丁程鑫的心脏,在那审视下,几乎要停止跳动。但他知道,这是他唯一的,也是最后的机会。
不等祂再说出更多带着怜悯与施舍的话语,丁程鑫猛地打断了祂。

“我们就在这里。”
他的声音不大,却像一把淬了火的尖刀,精准地刺入了那片神圣而戏谑的氛围之中。

“任你处置。”
丁程鑫的视线,没有丝毫躲闪,直视着那片无法被直视的“存在”。

“放我们离开也好,把我们也彻底吞噬也罢,我们都不怕。”
他的声音,在这一刻,恢复了作为战略分析师的冷静,但那冷静之下,是燃烧到极致的、不计后果的决绝。

“我只有一个要求。

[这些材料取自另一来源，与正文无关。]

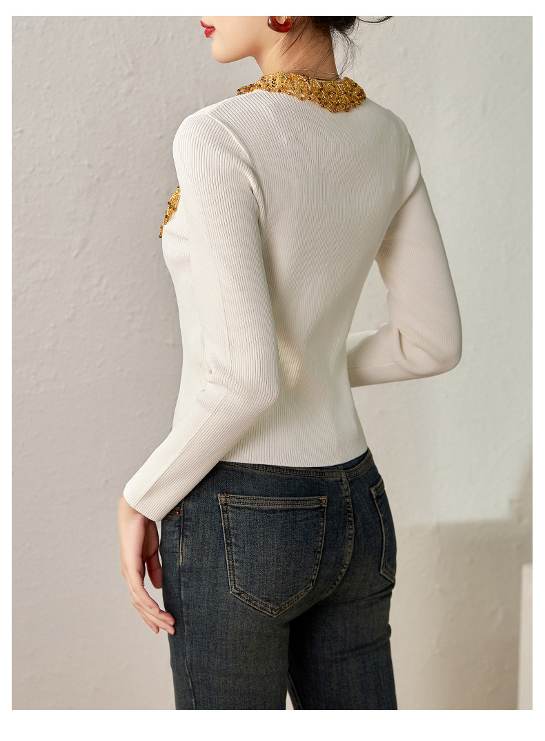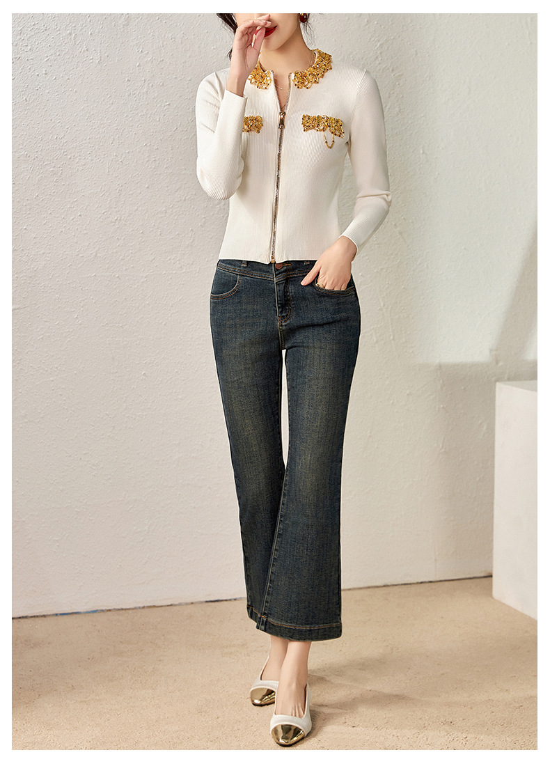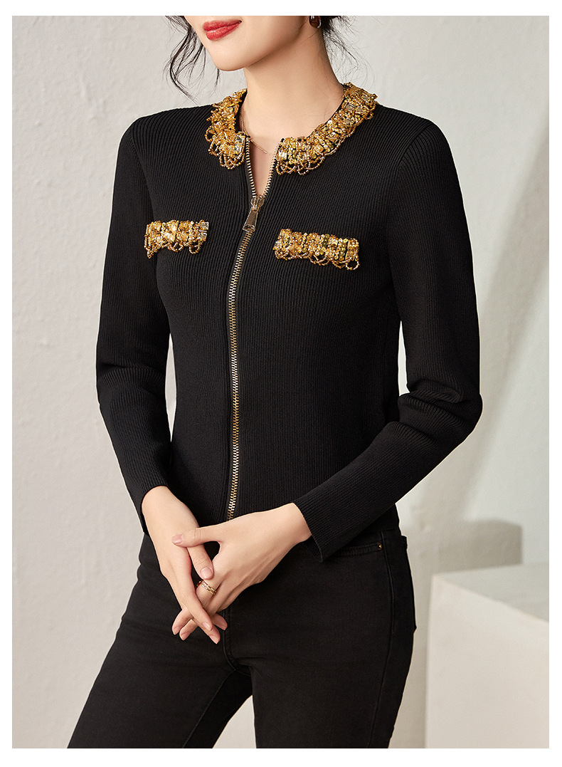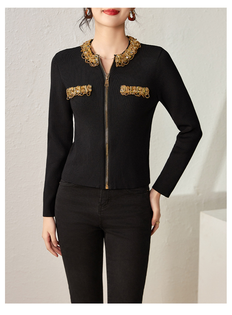 重工钉珠14针针织开衫上衣,名媛轻奢小个子百搭外套WLZD-2326302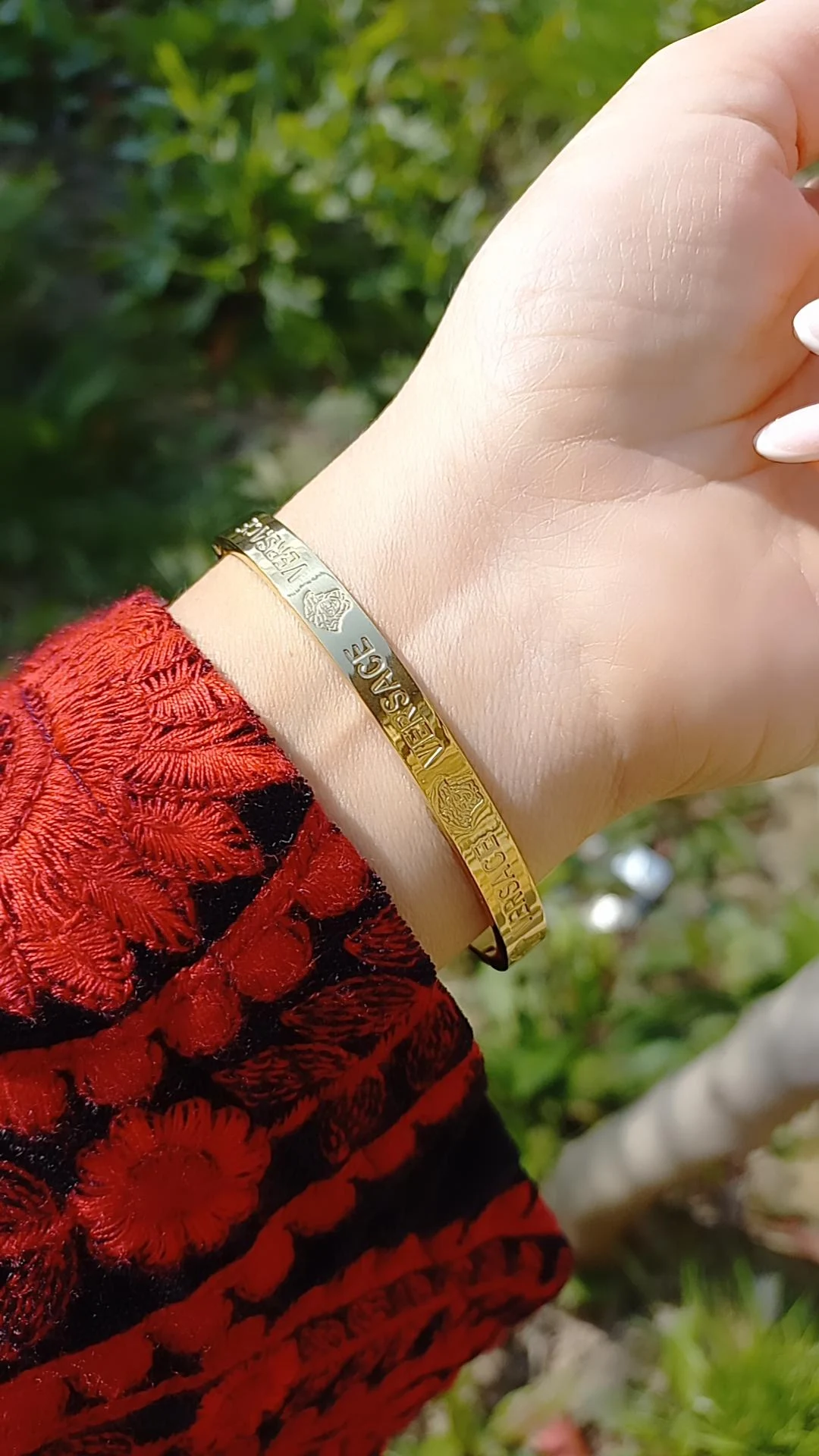 اندازه بنگل حدودا ۵/۵*۶/۵ سانت میباشد. قابلیت باز و بسته شدن دارد. داخل و بیرون بنگل دارای حک میباشد. پهنا ۶ میل است.
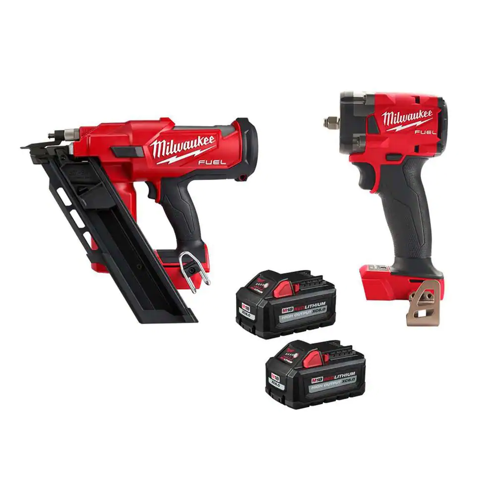 Milwaukee M18 FUEL 3-1/2 in. 18-Volt 21-Degree Lithium-Ion Brushless Cordless Nailer w/3/8 in. Impact w/Two 6Ah HO Batteries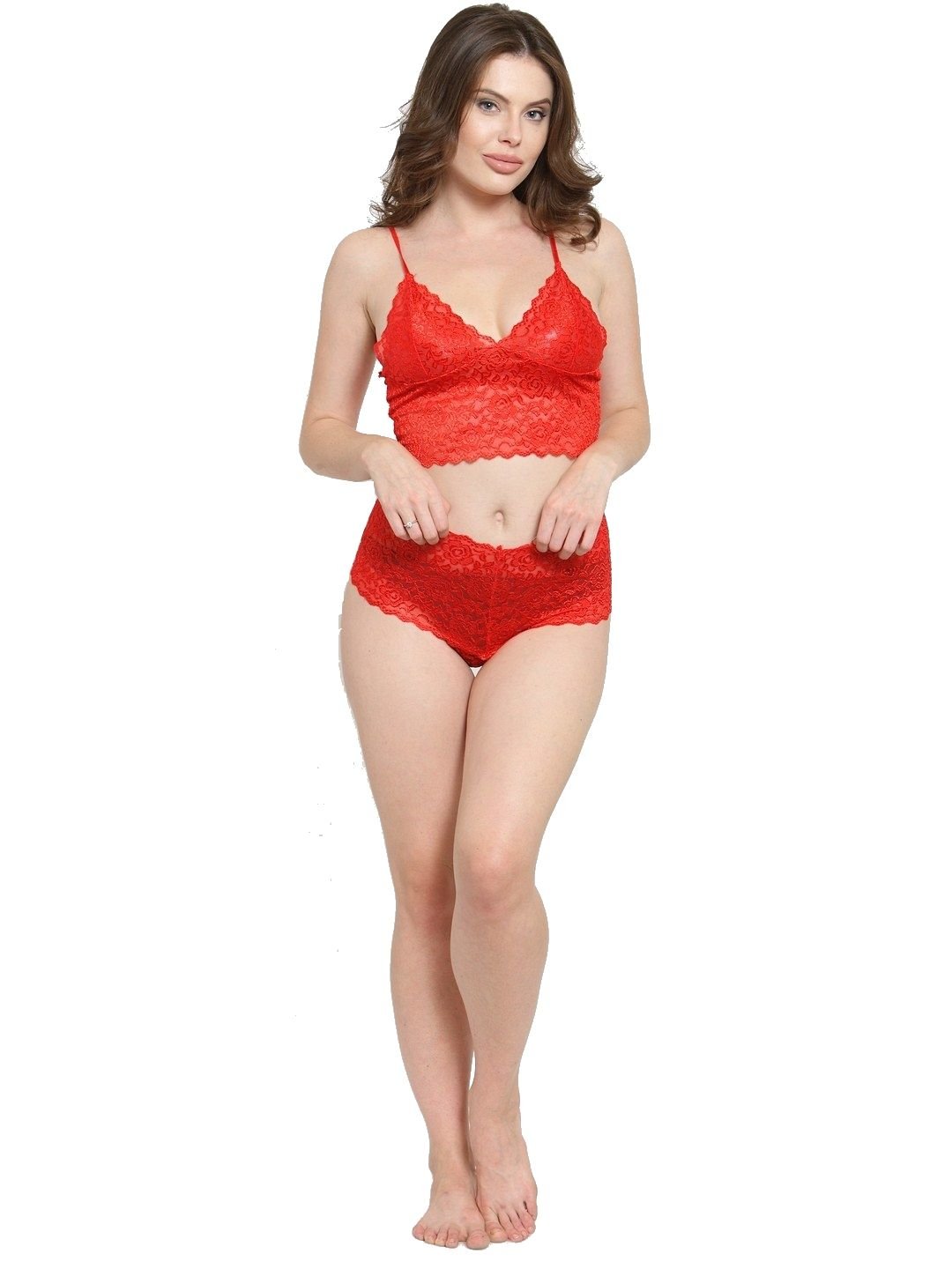 N-Gal Women's Polyester Spandex Floral Lace Top & High Waist Panty Lingerie Set Nightwear_Red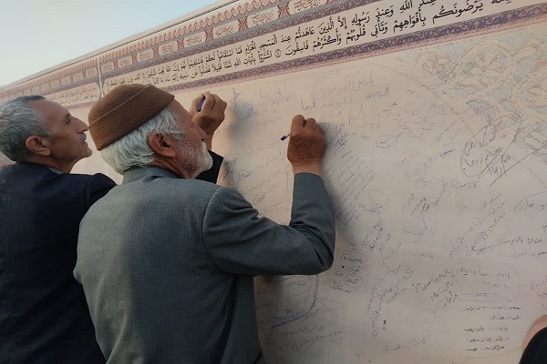 با توجه به اینکه حدود ۸۰ درصد این طومار در بزرگترین خیمه قرآنی اربعین واقع در عمود ۱۲۲۲ مسیر پیادهروی اربعین حسینی به امضای زائران اباعبدالله(ع) رسید، باقیمانده آن به متراژ ۲۵۰ متر در حرمهای مطهر قم و مشهد نصب شد تا عزاداران اهل بیت در ایام پایانی ماه صفر با امضای خود این طومار را کامل کنند.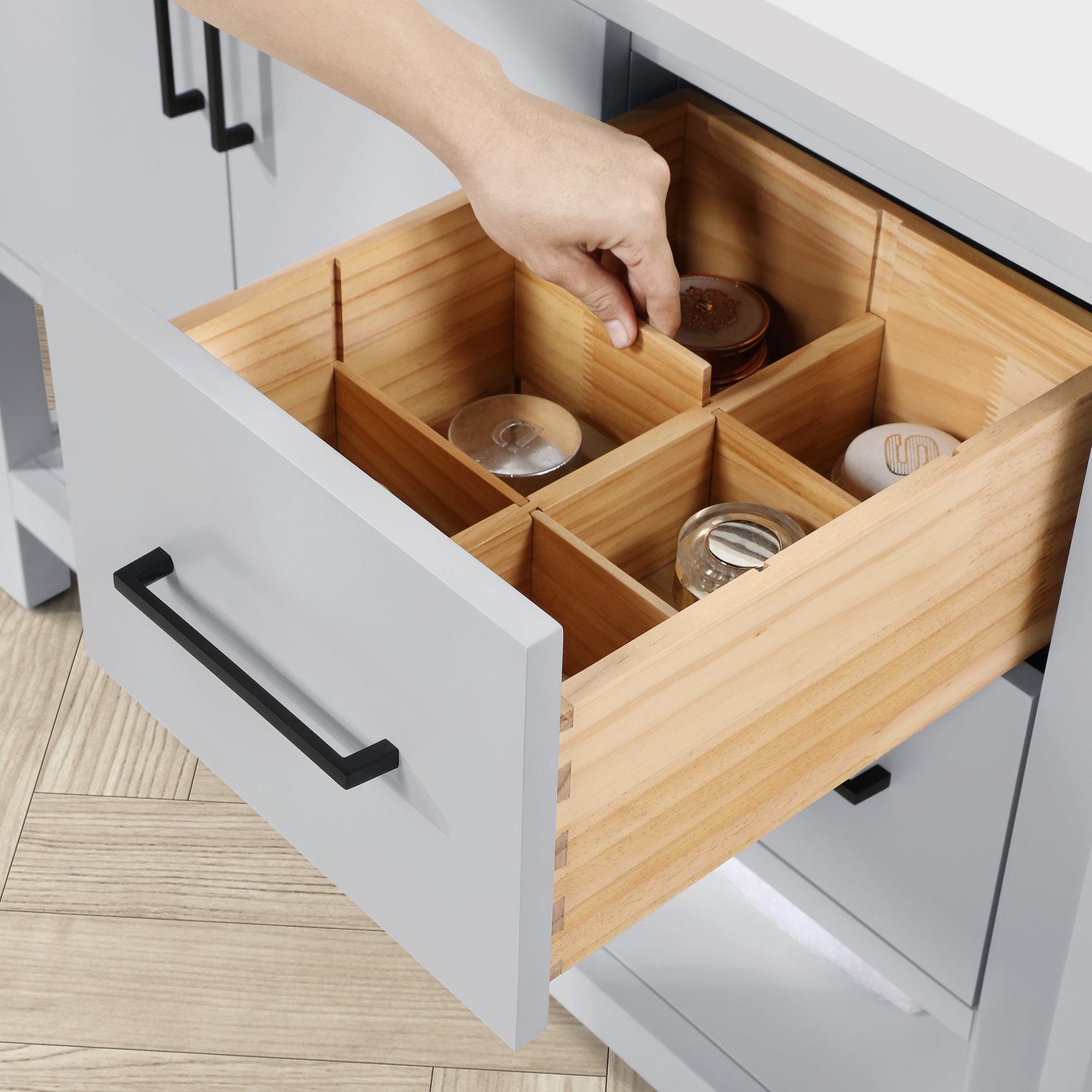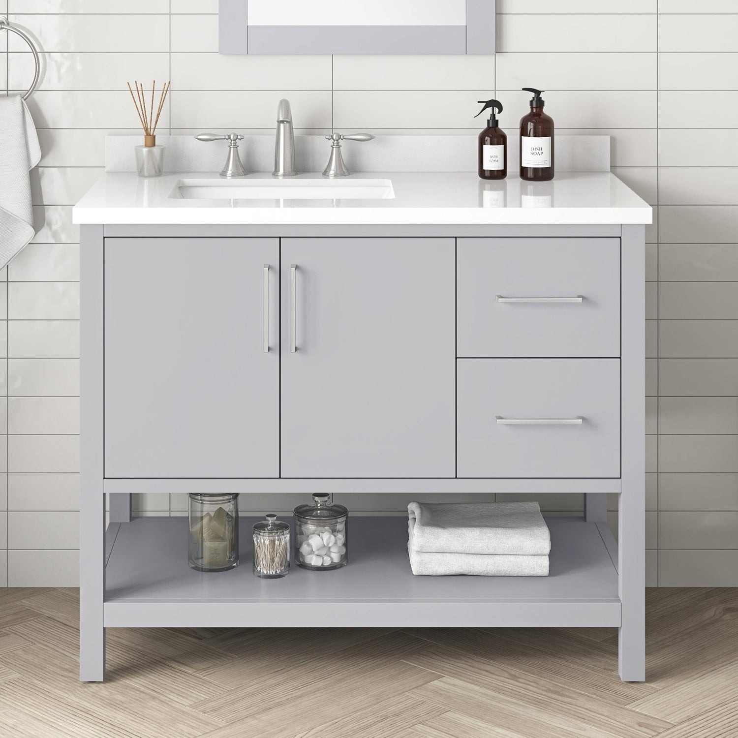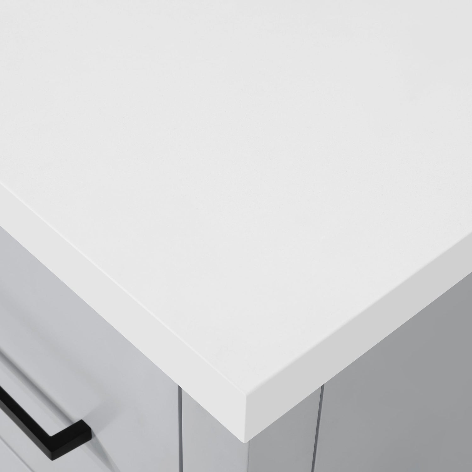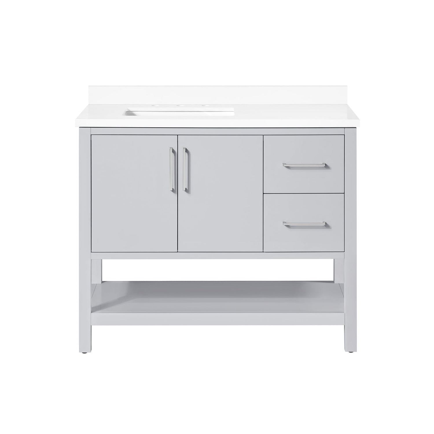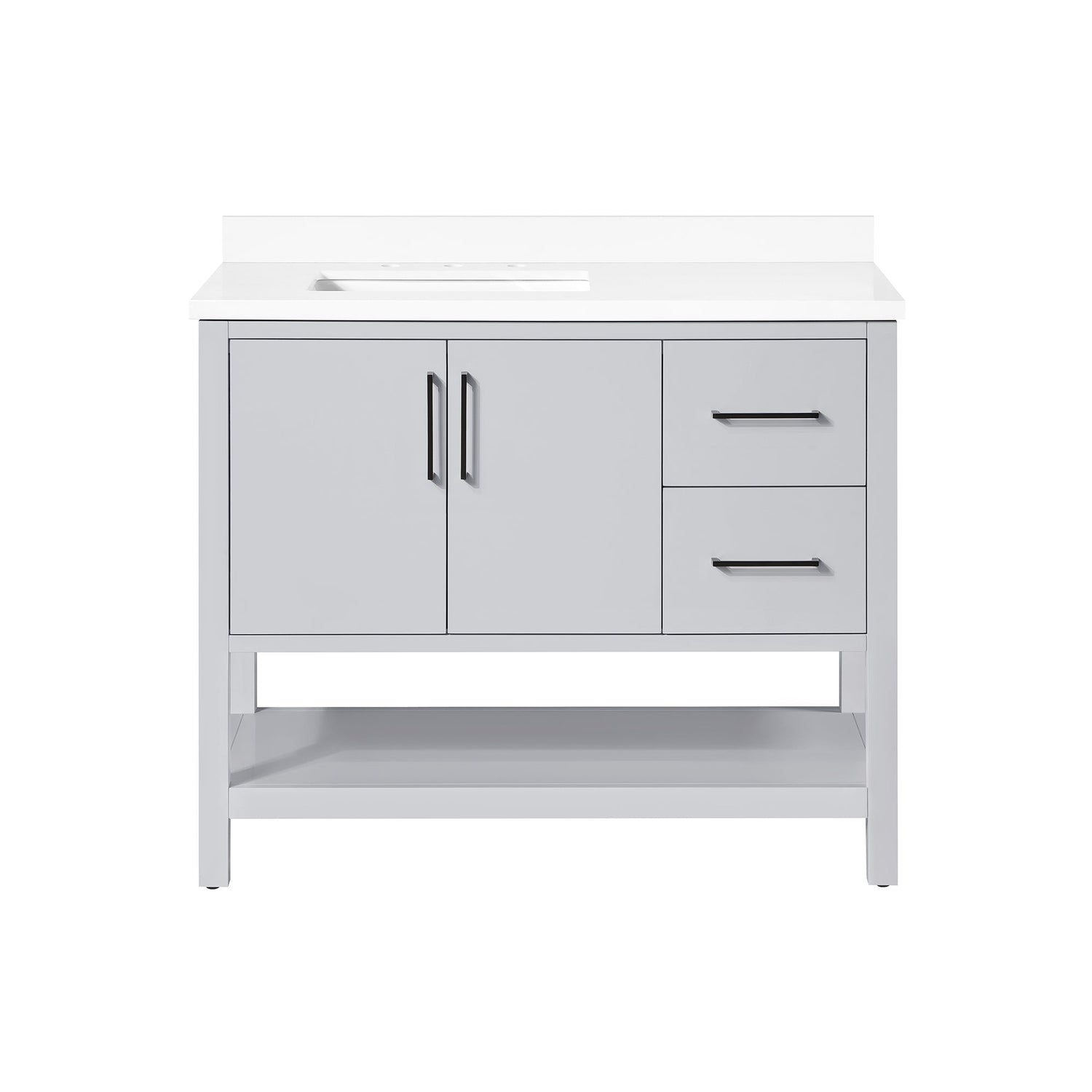 Cabinet features 2 soft-closing doors, 1 adjustable shelf& 1 open shelf. Cabinet has slab style doors and drawers . Dove Grey cabinet with with two sets of hardware in brushed nickel & matte black. White Quartz top with matching 3" backsplash & ceramic basin with pre-drilled holes for 8" faucet (faucet not included)
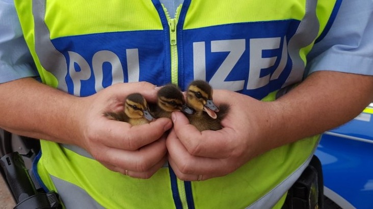 POL-D: Düsseldorf - A 46 - Entenfamilie unternimmt Ausflug - Polizei nimmt Entenmama und drei Küken kurzzeitig "in Gewahrsam" - Familie nun wieder in sicheren Gefilden unterwegs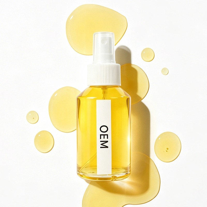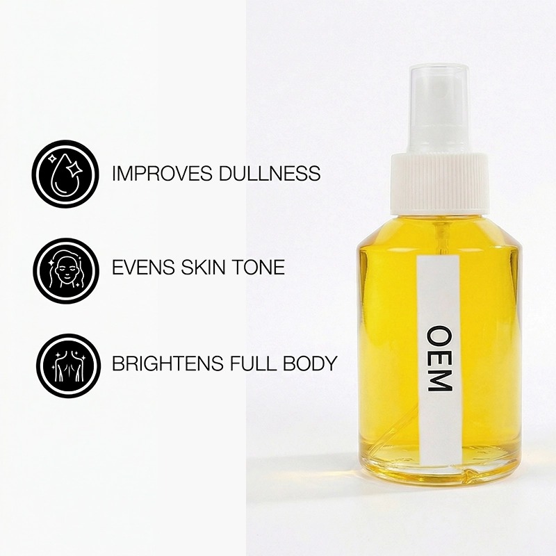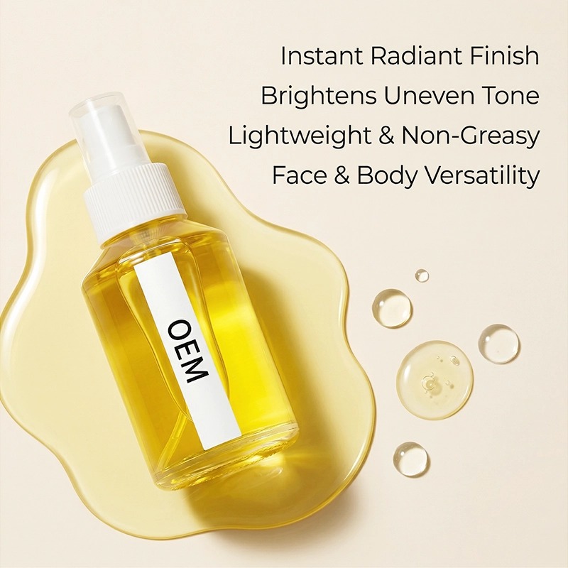 Un aceite iluminador de rápida absorción que proporciona a la piel apagada un brillo natural y mejora el tono desigual con el tiempo. Enriquecido con niacinamida y derivados de vitamina C, es ligero, no graso y apto para rostro y cuerpo. Respaldado por nuestro equipo de I+D con doctorado y nuestra sala limpia GMPC. Cantidad mínima de pedido baja, muestras rápidas. Tu fórmula, tu envase.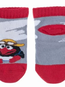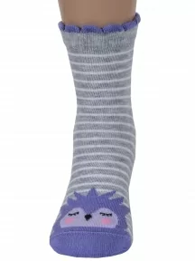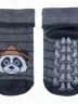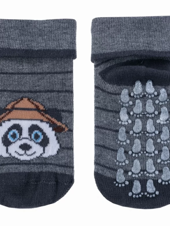 Детские носки с антискользящим рельефным узором на подошве. Модель оформлена принтом с пандой на фоне контрастных полосок. Носки изготовлены из хлопка с добавлением эластана и полиамида, которые придают трикотажу прочность и эластичность.

”

“无论如何,我们八个人,是一体的。”
他加重了每一个字,像是在宣读一份刻在灵魂上的契约。

“绝不分开。”
那片由光构成的“存在”,似乎停滞了一瞬。那些流淌的法则符文,也出现了刹那的凝固。
“这么急着把筹码摆在桌上,”
祂的声音再次响起,那份轻佻的态度依旧未变,
“就不怕我……掀了桌子?”
丁程鑫的嘴角,勾起一抹苍白而惨烈的弧度。
他知道,他赌对了。

“我们别无选择,不是吗?”
他缓缓地,将护在身后的手臂放下。
然后,在所有人,包括深渊中马嘉祺那难以置信的注视下,他整理了一下自己早已破烂不堪的衣领。
他的动作,带着一种赴死般的从容与庄重。

“我甚至无法判断,队长燃烧自己后稳定的那扇门,”

“到底能不能把我们其余人,安然无恙地一起送出去。”

“选择权,从来就不在我们的手上。”
他说着,然后,单膝缓缓跪下。
那不是因为恐惧,也不是因为屈辱。
那是一个赌徒,在押上自己所有之后,对命运的最终致敬。
他的头颅,骄傲地垂下,右手搭上左肩,对着那片神圣的虚无,行了一个标准的、属于臣服者的礼节。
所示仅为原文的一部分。